Mientras íbamos de camino a mi casa notamos un olor raro.
-Nene, ¿a qué huele?
-Tía, qué se yo...
-Viene de atrás.
-Luego lo miro.
Cuando llegamos a mi portal, Jorge se abrió la puerta trasera y se puso a mirar. En ese momento un alarido penetrante me puso los pelos como escarpias.
-¡Hijo de putaaaaaaaaaa!-chilló.
El tío se le había meado en la tapicería y no sólo había sido una meada tan caudalosa como el Ebro sino que encima olía tan mal que nos daban arcadas.

Esta mañana David llamó a Jorge para disculparse, éste le ha contestado que no quiere volver a saber nada de él. Yo tampoco quiero recordarle, qué asco y qué decepción. Si ya me lo decía Marujita Robinson, que los tíos perfectos no existen, y que este algo tenía que tener. En efecto, un esfínter más flojo que los guiones de Ana y los siete.
Ya he perdido la fe, creo que voy a tener que volverme lesbiana o pagarme un viaje espacial y cepillarme a todos los alienígenas que me encuentre por el camino (que seguro que tienen macropenes superevolucionados capaces de provocar orgasmos brutales en segundos a la mismísima madre superiora del convento de las Agustinas.)

Empezaré por comprarme un consolador nuevo, que al menos no beberá Cutty Sark ni se me meará en la cama.

escrito por Susanita a las 00:43   3 comentarios

3 Comentarios

At 2/1/07 16:36, Blogger Marujita Robinson ha dicho...

¡Te lo dije!Alguna pega tenía que tener, pero no me imaginaba que fuera a ser tan guarro...

 
At 3/1/07 3:25, Blogger Jose Luis ha dicho...

Un tio que se mea en el coche de un supuesto amigo cuando está apunto de echar un polvinochevieja con alguien tan genial como tu merece la muerte ya!

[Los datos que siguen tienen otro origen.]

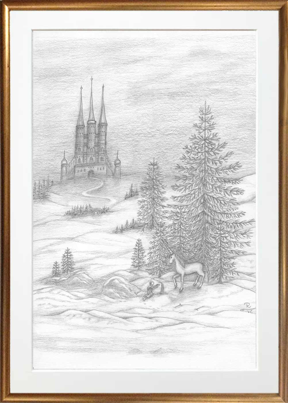 Motiv aus einem Bilder-Zyklus zu 10 Caspar-David-Friedrich-Gemälden. Jede dieser Zeichnungen der Meta-Romantik trägt etwas ‚Übergeordnetes‘ in sich, eine neue Perspektive, etwas Außergewöhnliches, das die ursprüngliche Szenerie bei Caspar David Friedrich sprengt.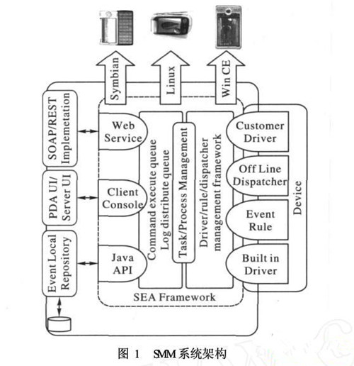 SMM的系統(tǒng)整體架構(gòu)包括三大模塊,其中:最下層為Device模塊,負(fù)責(zé)把物理的真實(shí)設(shè)備抽象為系統(tǒng)的Device對(duì)象;中間層為Task Manager模塊,是SMM的核心模塊,負(fù)責(zé)處理用戶和上層應(yīng)用系統(tǒng)的一切命令,把標(biāo)準(zhǔn)的XML命令轉(zhuǎn)化系統(tǒng)的Task對(duì)象并執(zhí)行,以用來(lái)控制Device對(duì)象;最上層是用戶接口(User Interface,UI)模塊,是基于標(biāo)準(zhǔn)的Java swing開發(fā)的圖形界面,使用戶可以在本地方便地控制Device對(duì)象。同時(shí),SMM也提供標(biāo)準(zhǔn)Web service接口,方便其他遠(yuǎn)程系統(tǒng)控制和管理移動(dòng)設(shè)備。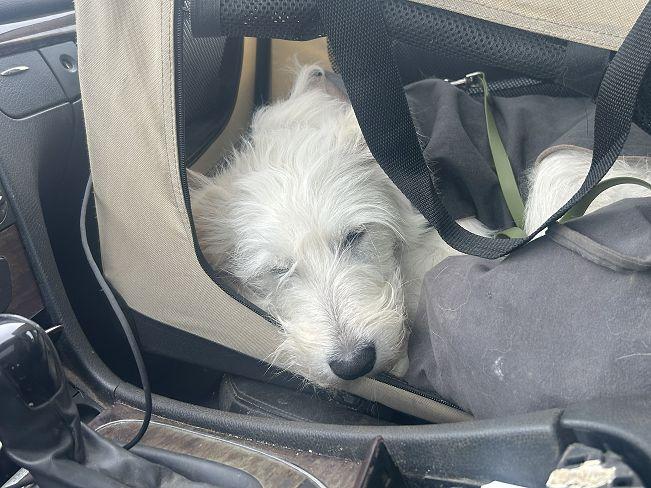 Snoopy darf sein Pflegefrauchen unter der Woche mit ins Büro in der Stadt begleiten und schläft dort ruhig, so dass man ihn kaum bemerkt. Die Wochenenden verbringt er in ländlicher Umgebung mit Hof und Stall und zeigt keinen Jagdtrieb.

Donde está la guillotina cuando la necesitas?

Yo esta nochevieja repartí amor a diestro, siniestro, delante y detrás...yo cuando bebo soy poseido por Benedetti y me pongo en plan poeta...cada uno es cada uno...

PD: Es gay, si Freud levantara la cabeza achacaría su meada a la metida de mano...o algo asi

 
At 21/1/07 18:51, Blogger d2clon ha dicho...

Ei, ei, ei... pobre David. Pidió perdón ¿no?. Que poco aguante teneis si os quitais de en medio los amigos tan facilmente.

No sé si tengo un solo amigo que no se me haya meado en el coche. Bueno, no tengo coche, pero alguna cosa parecida.